> _EXERCISE DATA_:
------------------------------------------------
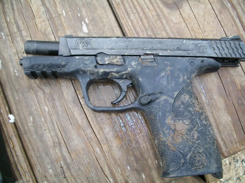 The action does not FEEL like it looks (nasty and poopy). It is very very smooth. To me, it feels like a perfectly clean, well lubed M&P action. We shall see what the 1000 round mark brings…I will probably keep it dirty and try another 500 or 1000 after that.
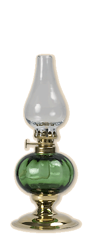 Table paraffin lamp with a glass container for paraffin in green colour. Base made of polished, brass metal sheet. Amber, ruby, cobalt and transparent colours of containers are also available. Its parts are brass, patina or polished. Height 24 cm, weight about 0.21 kg. |
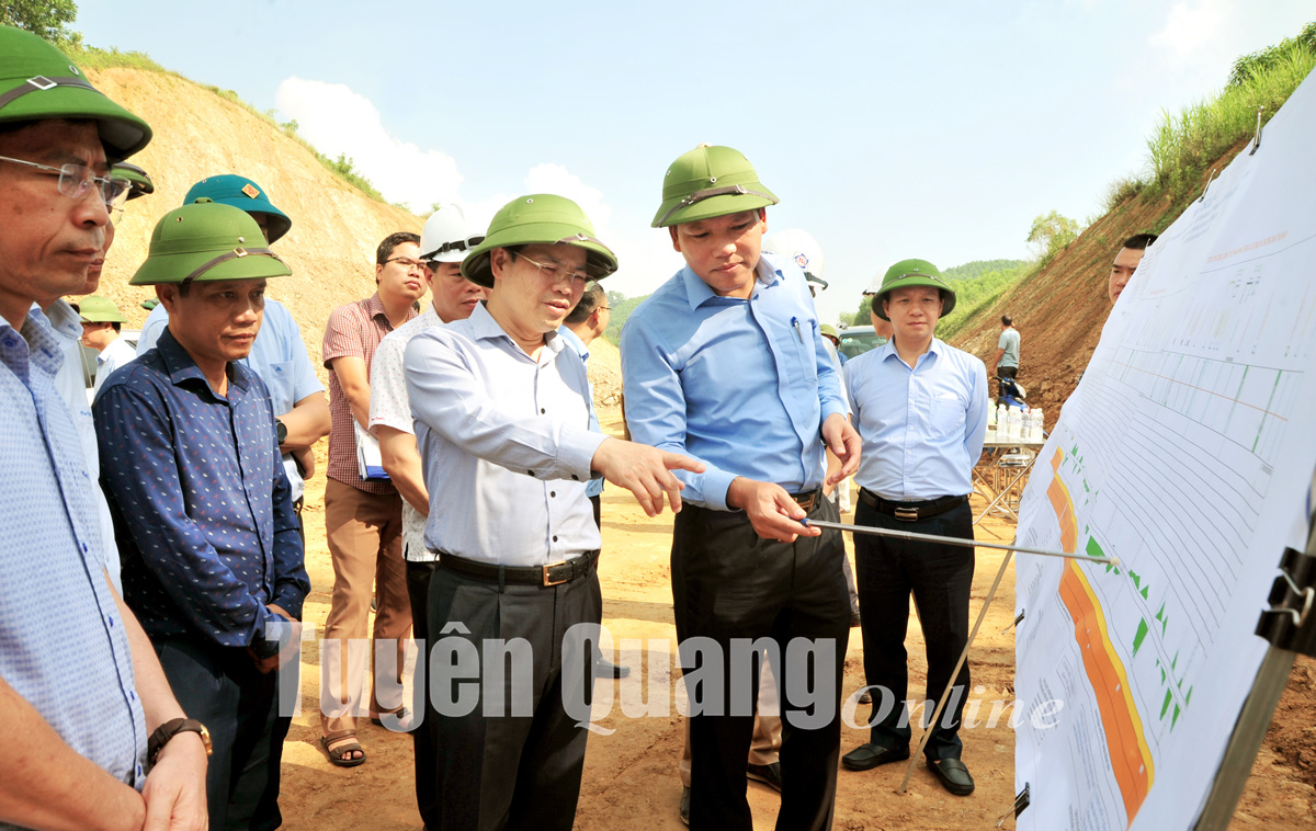 Sáng 6-10, đồng chí Nguyễn Văn Sơn, Phó Bí thư Tỉnh uỷ, Chủ tịch UBND tỉnh đã đi kiểm tra tiến độ thi công toàn tuyến Dự án Đầu tư xây dựng đường cao tốc Tuyên Quang – Phú Thọ kết nối với cao tốc Nội Bài – Lào Cai. Cùng đi có lãnh đạo các sở, ban, ngành; huyện Yên Sơn, thành phố Tuyên Quang; đại diện các nhà thầu thi công.
------------------------------------------------
> _WHAT NEEDS TO BE DONE_: The whole listing above, minus its pictures, is what you should write out word for word.

> _SOLUTION TO THIS PROBLEM_:
 The action does not FEEL like it looks (nasty and poopy). It is very very smooth. To me, it feels like a perfectly clean, well lubed M&P action. We shall see what the 1000 round mark brings…I will probably keep it dirty and try another 500 or 1000 after that.
 Table paraffin lamp with a glass container for paraffin in green colour. Base made of polished, brass metal sheet. Amber, ruby, cobalt and transparent colours of containers are also available. Its parts are brass, patina or polished. Height 24 cm, weight about 0.21 kg. |
 Sáng 6-10, đồng chí Nguyễn Văn Sơn, Phó Bí thư Tỉnh uỷ, Chủ tịch UBND tỉnh đã đi kiểm tra tiến độ thi công toàn tuyến Dự án Đầu tư xây dựng đường cao tốc Tuyên Quang – Phú Thọ kết nối với cao tốc Nội Bài – Lào Cai. Cùng đi có lãnh đạo các sở, ban, ngành; huyện Yên Sơn, thành phố Tuyên Quang; đại diện các nhà thầu thi công.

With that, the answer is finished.